TL;DR: Private companies are in desperate need for additional GPU computing capabilities to train their new generative AI services, yet they are encountering significant challenges in obtaining them. In contrast, researchers involved in US supercomputing projects currently have access to potent Nvidia GPU nodes at a substantial discount, albeit for a limited time.
Users collaborating with the National Energy Research Scientific Computing Center (NERSC) and the US Department of Energy can now execute their tasks on Perlmutter's GPU nodes for half the cost compared to what they would have paid just a few weeks ago. This special offer is available until the end of September. According to Rebecca Hartman-Baker from NERSC, it presents an excellent opportunity to commence compute-intensive research following the summer break.

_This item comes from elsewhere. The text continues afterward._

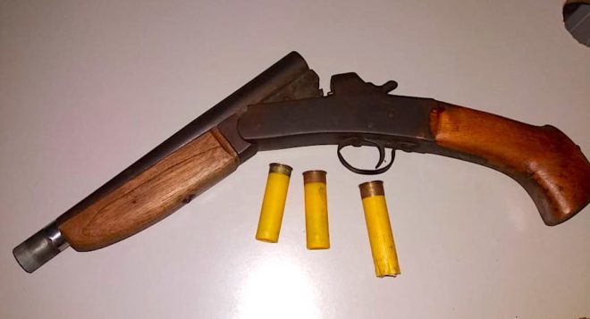 Foi quando perceberam que haviam algo estranho próximo a uma casa vizinha. Foi quando localizaram uma escopeta calibre 16 com munições e foi apreendida. Esta havia sido escondida momento antes da chegada dos policiais e realizaram a apreensão dos suspeitos junto com as drogas.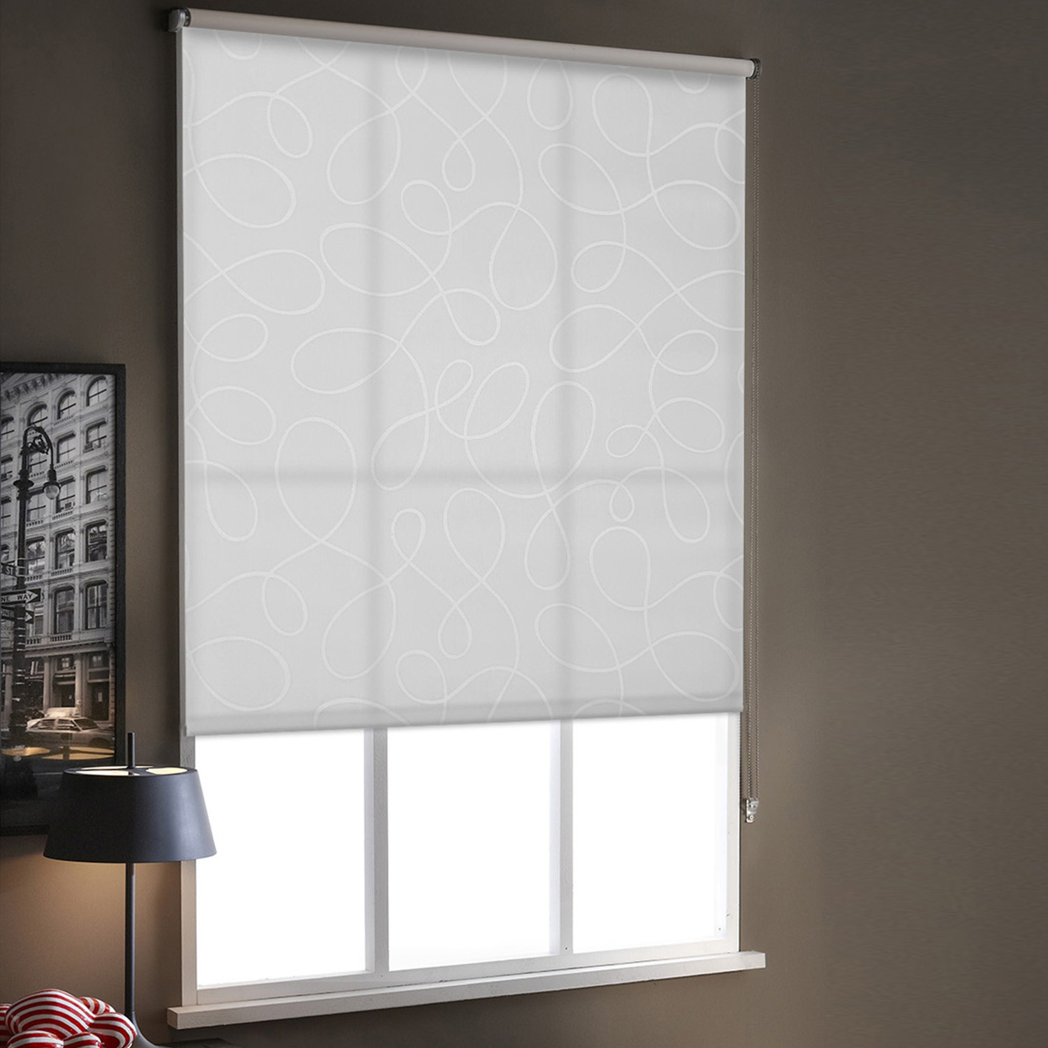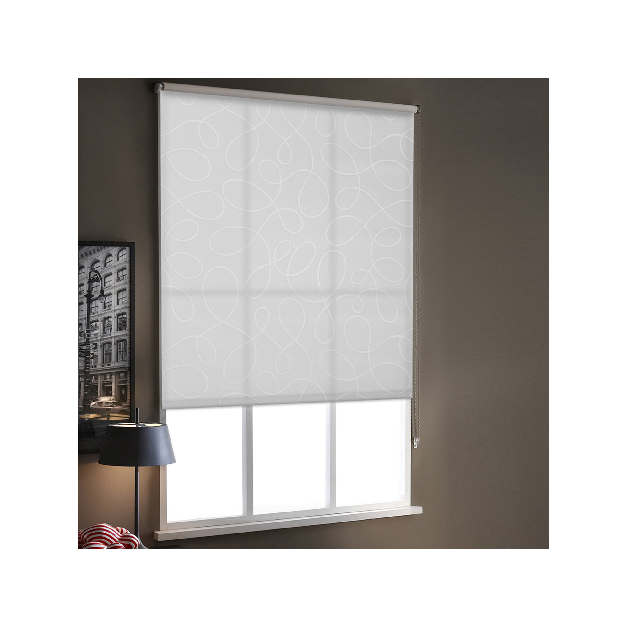 Le store enrouleur tamisant motif méli mélo laisse entrer la lumière en douceur tout en vous protégeant du vis-à-vis. Idéal dans les pièces de vie et bureaux.

Perlmutter serves as NERSC's primary high-performance computing system, comprising a supercomputer equipped with 3,072 AMD "Milan" EPYC CPUs and 1,792 NVIDIA A100 GPU-accelerated nodes. This system incorporates several technological innovations aimed at accelerating the scientific productivity of researchers who access NERSC services.
Importantly, it is exclusively designated for scientific research purposes. The name "Perlmutter" commemorates Saul Perlmutter, the distinguished US astrophysicist who led the team honored with the Nobel Prize for their groundbreaking evidence confirming the universe's accelerating expansion.

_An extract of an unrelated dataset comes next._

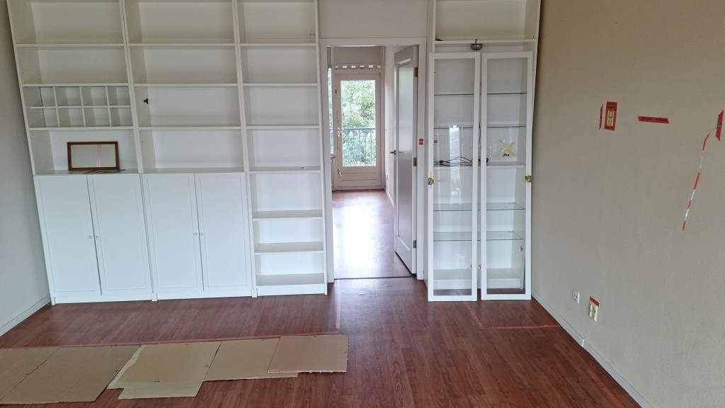 1 x 80 x 200 cm met twee vitrine deuren en verlichting. de kast heeft meerdere glazen planken.

NERSC's 50 percent discount offer serves as an incentive for running scientific jobs on Perlmutter GPU nodes at the present moment, thereby circumventing the typical "end-of-the-year crunch" characterized by extended query times and delayed job turnaround. Hartman-Baker conveyed in an email announcement that utilizing the HPC system presently benefits the entire NERSC community, as it helps distribute computing demand more evenly across the year.
Any job or segment thereof running from September 6 to the very beginning of October 1 will incur only half the standard charges. Thanks to this limited-time discount rate, Hartman-Baker explained that a three-hour job on seven GPU nodes would only cost 10.5 GPU node-hours, whereas without the discount, the same job would have incurred a charge of 21 GPU node-hours.

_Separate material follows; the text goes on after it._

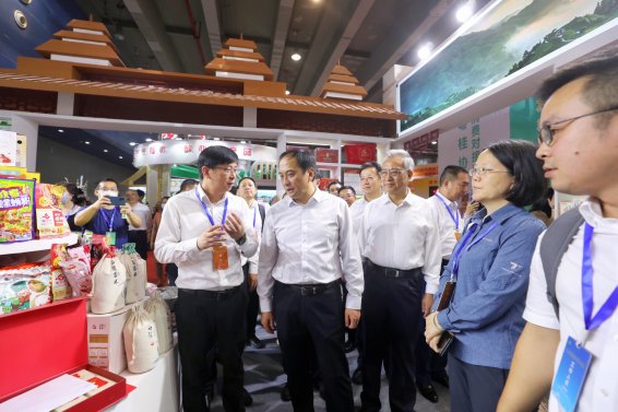 图一:自治区人民政府副主席许显辉到粤桂协作消费对接活动暨第23届广西名特优农产品(广州)交易会柳州展馆听取柳州市农产品有关情况

NERSC is also offering additional assistance to users through Perlmutter GPU "Virtual Office Hours," providing support for getting started with the supercomputer GPU nodes, addressing concerns about insufficient allocation, poor performance, and more. Perlmutter's overall processing power in phase one, which concluded on May 27, 2022, reached 70.9 PFLOPS.
As highlighted by Microsoft HPC storage expert Glenn K. Lockwood, who was the first to report on NERSC's special offer, the AI industry is currently grappling with a "GPU crunch" that is unlikely to be resolved anytime soon. If the DoE were to lease their "idle" computing capacity for commercial workloads, the US government could potentially generate a substantial revenue stream.